Problem 92 from Project Euler asks us to find the number of non-Happy numbers under 10 million:
A number chain is created by continuously adding the square of the digits in a number to form a new number until it has been seen before.
44 -> 32 -> 13 -> 10 -> 1 -> 1
85 -> 89 -> 145 -> 42 -> 20 -> 4 -> 16 -> 37 -> 58 -> 89
Therefore any chain that arrives at 1 or 89 will become stuck in an endless loop. What is most amazing is that EVERY starting number will eventually arrive at 1 or 89.
How many starting numbers below ten million will arrive at 89?
The numbers that have a sequence ending in 1 are called the ‘Happy’ numbers (making the rest non-Happy).
As with most Project Euler problems, this could be solved by brute force. Following the definition of the sequences, we can run through all numbers from 1 to 10 million. For each number, split it into its constituent digits, square each digit and sum them all. If the sum of squares of digits is 89, we’ve found a match. Otherwise, test the new number for a match (split digits, square etc). The problem with this approach is that you will have to evaluate at lest 10 million numbers. In a naive implementation, you would actually end up looking at some numbers multiple times. For example, in the series starting at 85 above, you would end up looking at 145 and you may look at it again when you consider the series starting at 145. Clearly, this approach does not scale.
The first optimization we can make is ensure we evaluate a number only once.
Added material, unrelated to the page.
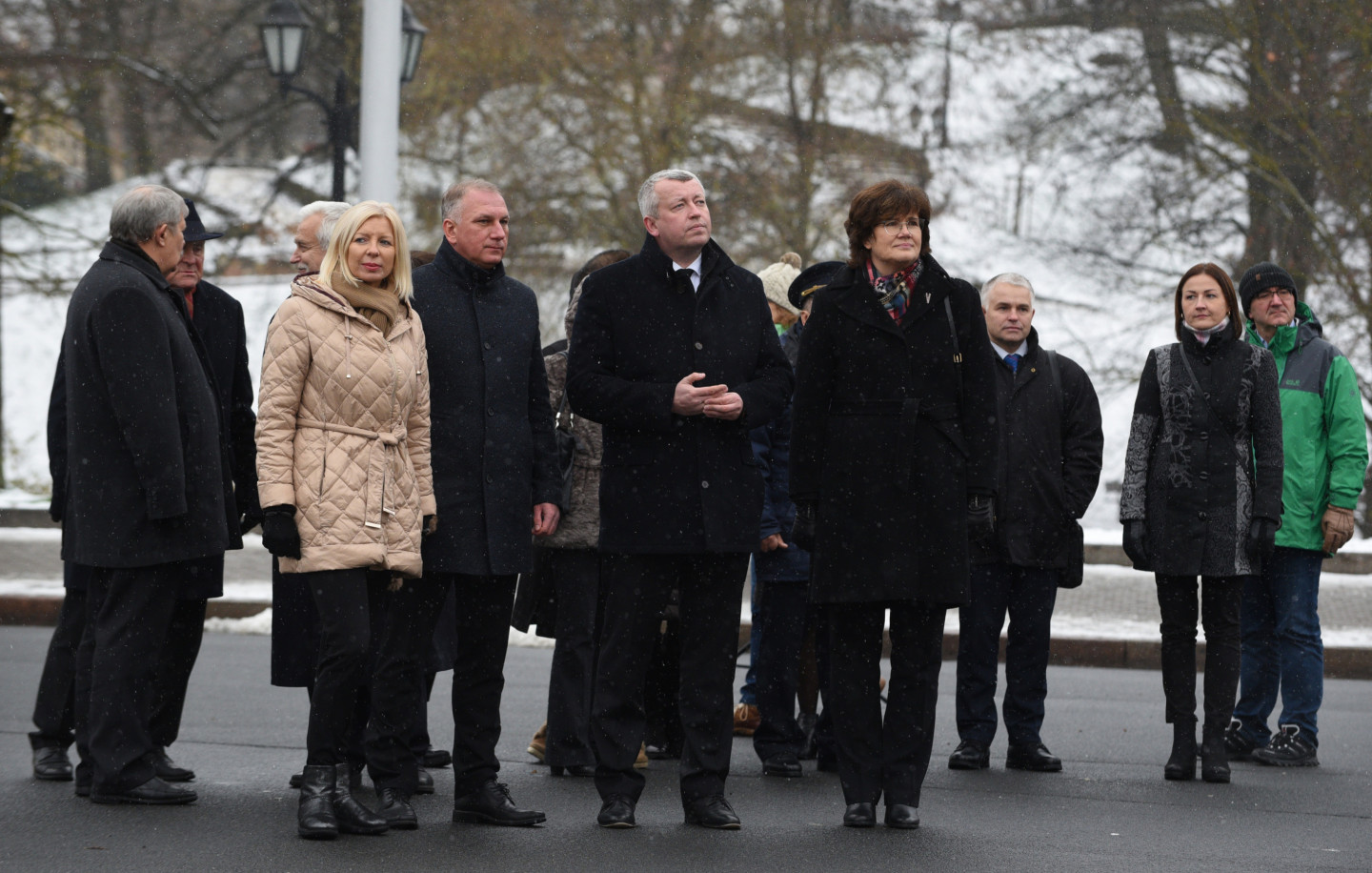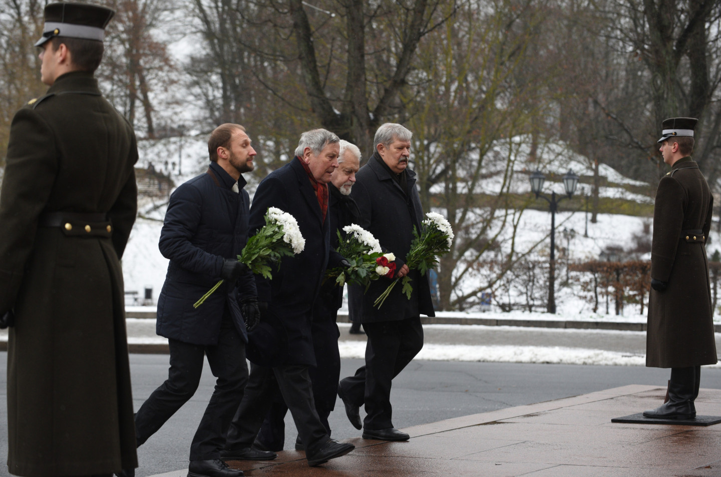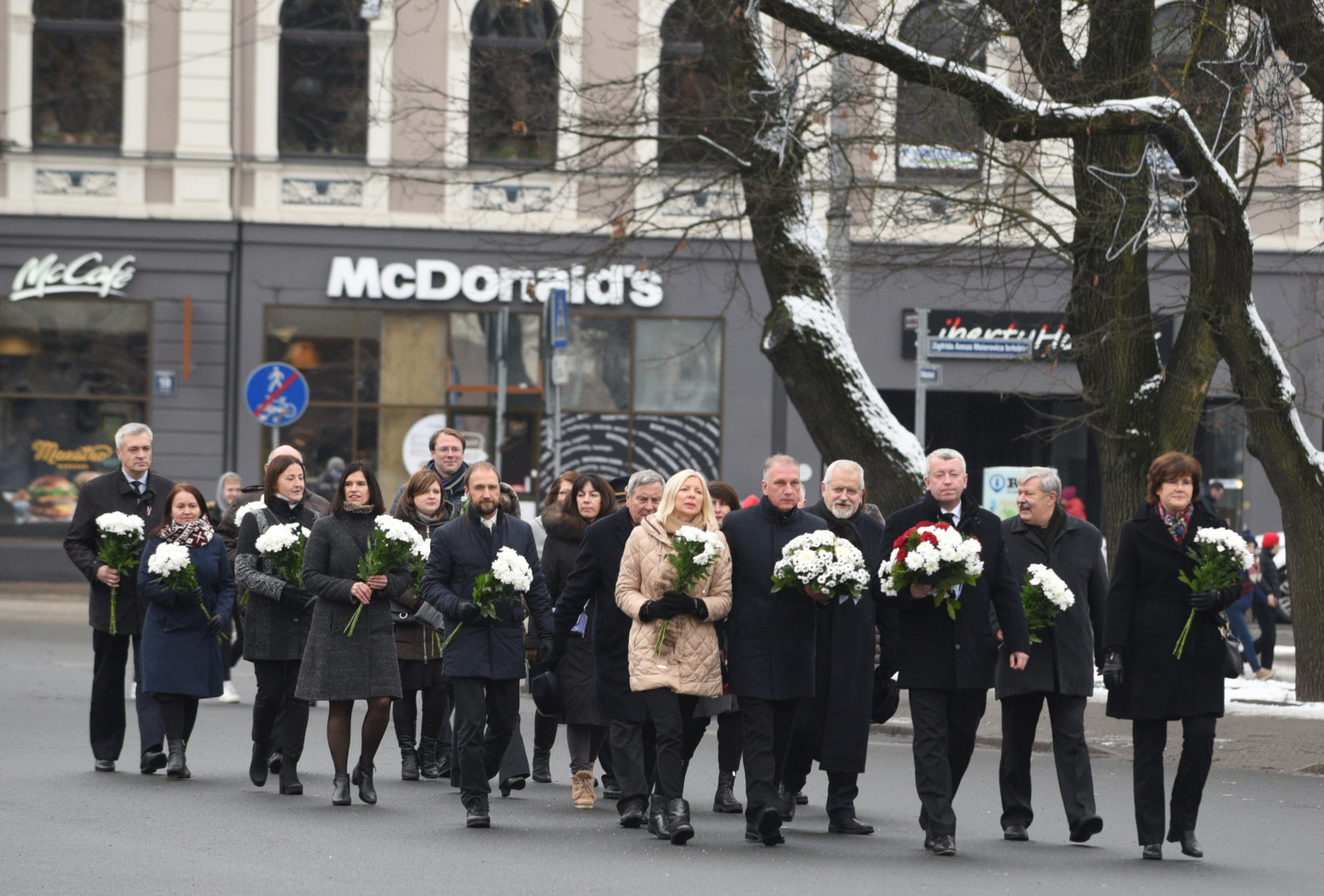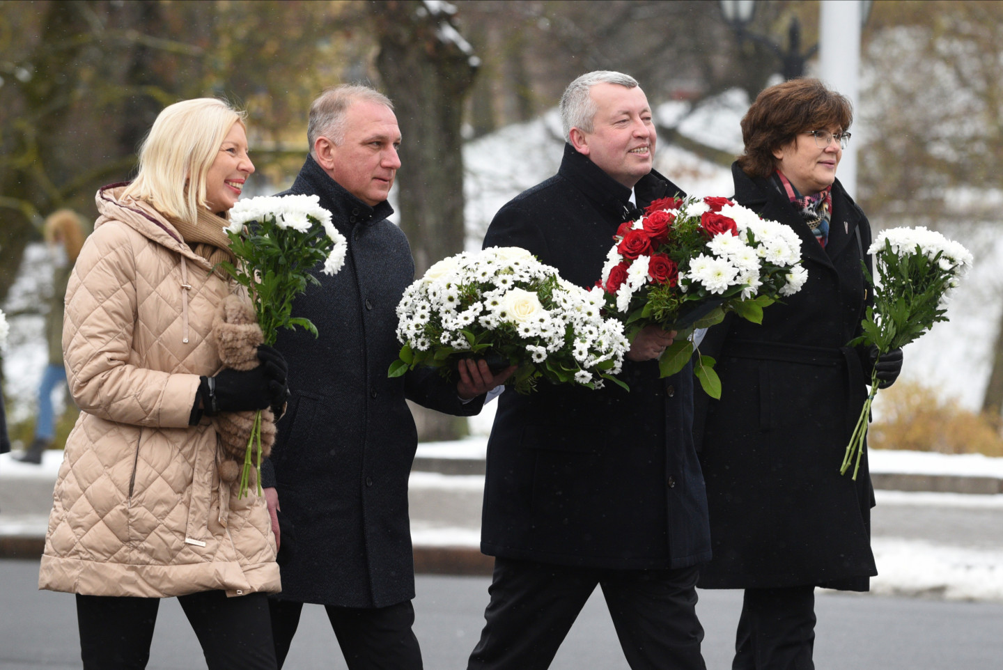 VID amatpersonas noliek ziedus pie Brīvības pieminekļa

To do this, we can store a lookup table with all the numbers that have a series ending in 89. If we evaluate a series that ends in 89, we know that any numbers in the series ends in 89 (i.e. 85,145,20 etc from above).
The second optimization comes when we notice that the largest possible sum of the squares of digits in a number for our test is (92)x7 = 567 (from the number 9999999). This reduces the number of sequence evaluations we have to make. We can construct our lookup table showing numbers between 0 and 567 that end in 89. Then for each number in our test range from 0 to 10 million, we simply calculate the sum of squares of digits and check our lookup table to see if the value would terminate in 89.
The third optimization is based on the realization that the sum of squares of digits function does not change if you reorder the digits. That is, the sum of squares for 123 is the same as for 213, 312, 321 etc. So if the sequence starting at 123 ends at 89, we know that 312, 213 etc will end at 89 as well. Formally, this means that the sum-of-squares-of-digits function partitions the set of integers into Equivalence classes such that a~b if a and b contain the same digits. Using this optimization,we only need to check sequences for 11,440 numbers – almost 1000 times smaller than the 10 million checks that the brute force approach would have us make. However, to use this approach, we need to determine the size of each equivalence class. That way, if we determine that that a particular number ends in 89, then we can update our count of matching numbers by adding the full size of the numbers equivalence class.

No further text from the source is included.